Barium strontium titanate ferroelectric material (Ba _{1- n} Sr _n TiO ₃ , BST) has strong dielectric nonlinearity and low dielectric loss in the paraelectric state because of its Curie temperature adjustable with the ratio of Ba/Sr And other characteristics, it has broad application prospects in microwave devices such as tuners, filters, phase shifters, etc., and has become one of the research hotspots at home and abroad in recent years. However, the dielectric constant of BST ferroelectric materials in the microwave frequency range is relatively high, and it is difficult to meet the requirements for matching the internal impedance of the excitation source and high-power devices. The use of low dielectric constant microwave medium MgO to compound it can effectively reduce its dielectric constant. However, the two-phase kneading and sintering of multiphase ceramics has a large extrinsic loss, which greatly limits its wide application. In order to overcome the disadvantages of coarse particles, low interfacial bonding strength, uneven distribution, and poor density in the preparation of composite materials by two-phase kneading and sintering, it is urgent to develop a composite powder preparation technology with good dispersion, uniform particle size, and high crystallinity .

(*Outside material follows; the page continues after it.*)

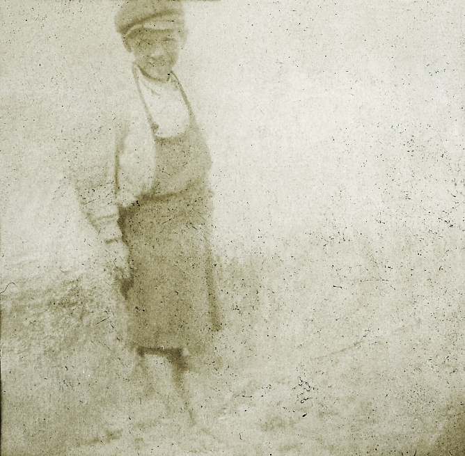 En barfota "trädgårdspojke" i skärmmössa och förkläde har stannat upp för fotografen.

In addition, MgO is also widely used as a catalyst in the catalytic industry such as transesterification, benzylation, and oxidation, and can improve catalytic performance by compounding with oxides such as NiO, SrO, and MgGa ₂ O ₄ . Therefore, (1- x )Ba _{1- n} Sr _n TiO ₃ - x MgO composite powders also have potential applications in catalytic processes.

Contents of the invention

In order to solve the above-mentioned technical problems existing in the prior art, the present invention provides an in-situ co-precipitation preparation method of nanocomposite phase powder with good dispersibility, uniform particle size and high crystallinity .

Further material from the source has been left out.